ヒステリー、ブンゲイファイトクラブ、イシオカについて。

 寝巻きのまんまで渋谷東急本店のジュンク堂へ行った。創元の乱歩全集を手に入れるためである。
 小綺麗な中高年の皆様が歩く売り場を、ジャージのまんま、生来のクセ毛に加えて寝癖までついているだらしのない人間が歩いているというのは、実に奇妙なことだ。そしてそのだらしのない人間とは、自分のことなのだ。
 ここ数日は本当に、ダメなのですよね。仲の良かった友達の前でヒステリーを起こし、まるっきり絶縁されてしまって。ぷいとそっぽを向かれてしまったのであって。そりゃ僕がゲロゲロとしているのは良いのだけれども、そうして僕がヒステリーを起こしたことが、相手にとって何かトラウマになってやしないかと気が気ではないのです。自分が傷つくことは、意図的に離人すればそれでオーケーなのだけれども、他人はそうはいかないものねえ。

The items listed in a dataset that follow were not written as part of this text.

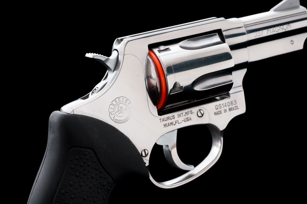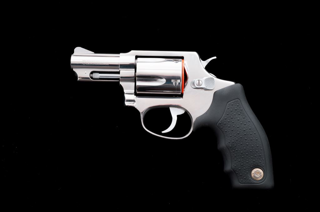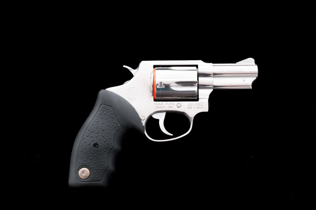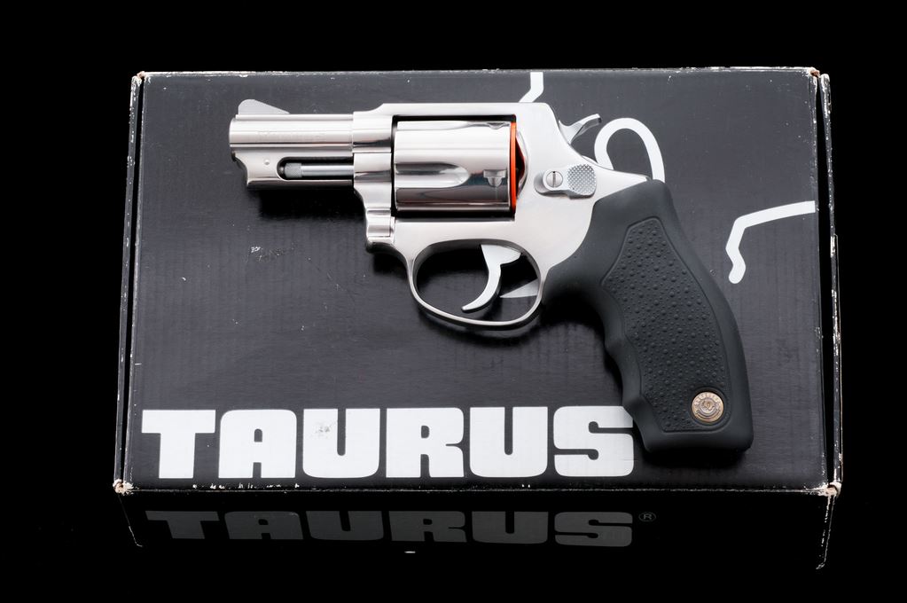 Taurus Model 605 Double Action Revolver, #WG14063, .357 mag. cal., 2-1/4'' barrel, bright stainless finish, stippled black rubber Taurus grips with finger grooves, and standard sights. In original box with matching end label, owner's manual, and two (2) internal safety keys. Condition is near excellent showing only a small amount of light handling marks to the metal and grips; cylinder with a moderate index line. Action is smooth and crisp with an excellent bore. Est.: $200-$300. (Modern/PPT)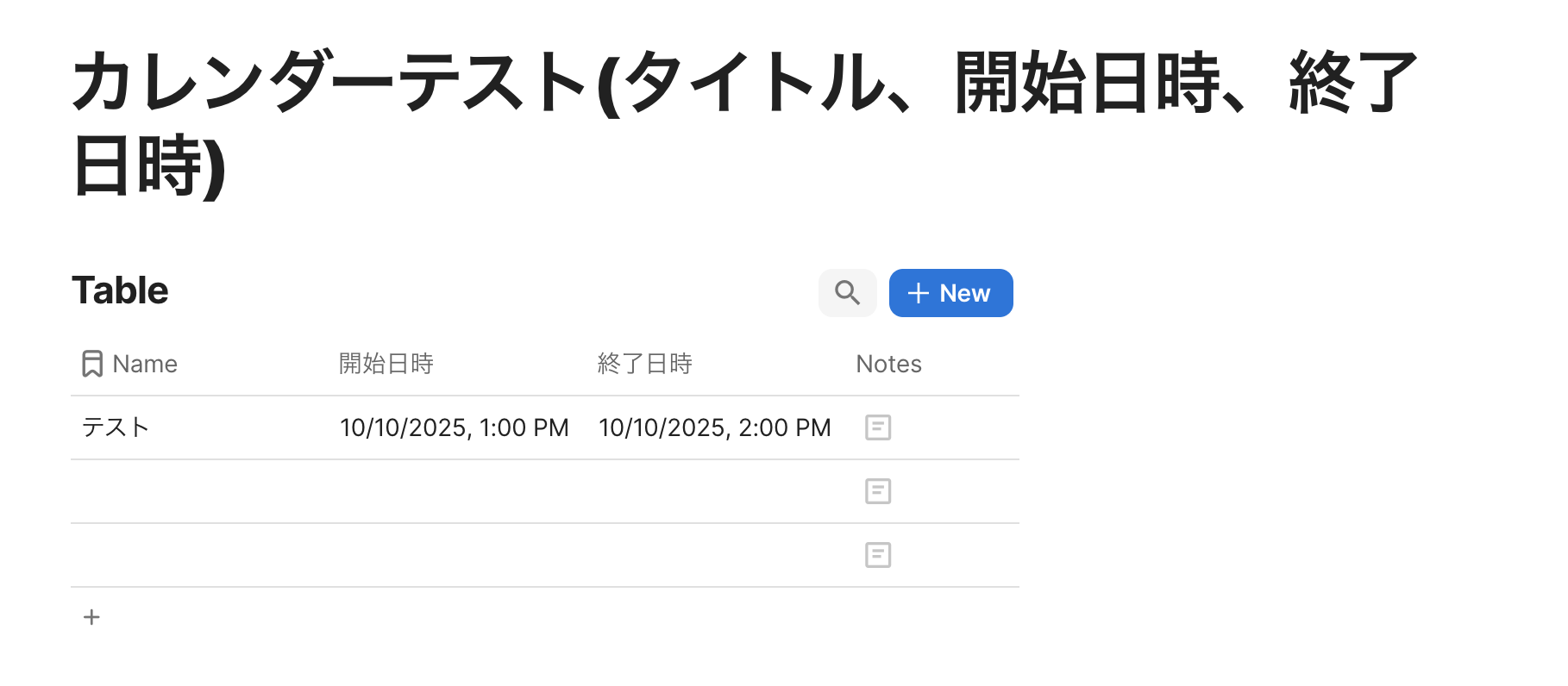 実際にCodaでテスト用テーブルに行を追加してみましょう。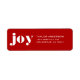 Add a festive accent to your holiday envelopes with these customizable Christmas address labels. They feature the word "JOY" in bold red typography. Personalize by adding your details. These custom holiday address labels are perfect for your Christmas cards and invitations. Matching items are available.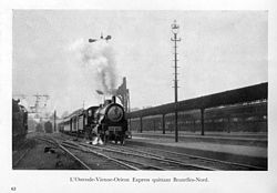 | Ostend Wien Orient express leaving Gare du Nord in the 1920s | "Les chemins de Fer Belges" Commemoration catalog with lots off advertisements off railway industry and products. | The International Publishing Corporation, S.A. Bruxelles | Datei:Gare du Nord oud VO.jpg | |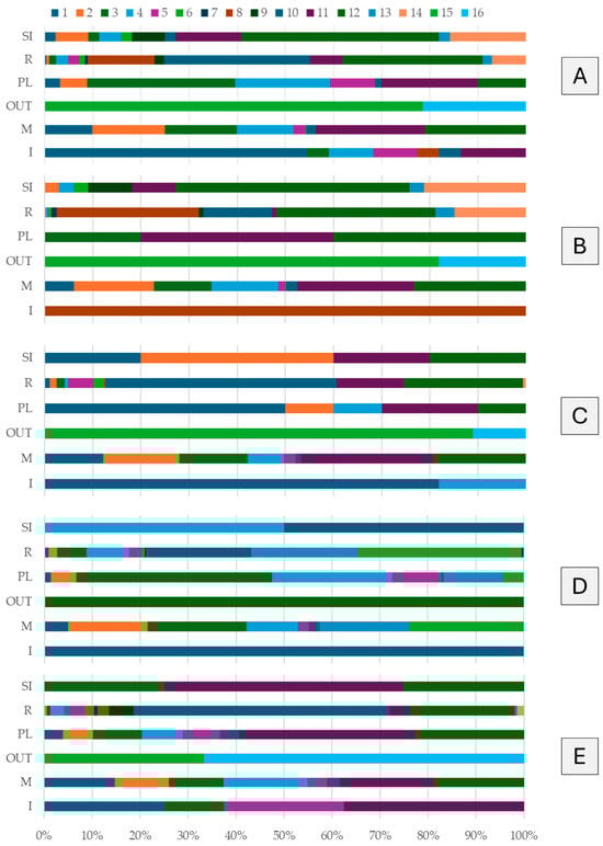 Spatial distribution of behavioral macrocategories across the 16 subareas. For each macrocategory—Interaction (I), Moving (M), Out of view (OUT), Playing (PL), Resting (R), Social Interaction (SI)—the stacked horizontal bar shows the percentage of events/time for that macrocategory occurring in each subarea 1–16; each row sums to 100%. Panels: (A) overall (all individuals), (B) Schizzo, (C) Zoe, (D) Mohana, (E) Rhea. Colors map to subareas as indicated in the legend. Subarea definitions are provided in Table 2, and the exhibit layout is shown in Figure 2.

 そんなどうにもならんことをウダウダ考えながら床についたら、寝過ごした。私は朝4時に起きてバイトに行かねばならないのだ。6時だった。担当者から電話がきたんで、蚊の鳴くような声を作り「朝起きたら熱が出ててェ」と答えた。一銭の木戸銭も取れぬかなし〜道化である。
 失礼しますと電話を切ると、もう知るかい俺ァ寝るワと二度寝。今月は台風で休み祝日で休みとバイト泣かせの月であった。にもかかわらず俺という人間はゼロワンドライバーなど買ってしまって、部屋で一人ニヤニヤしながらかしゃかしゃ遊んでいるのだ。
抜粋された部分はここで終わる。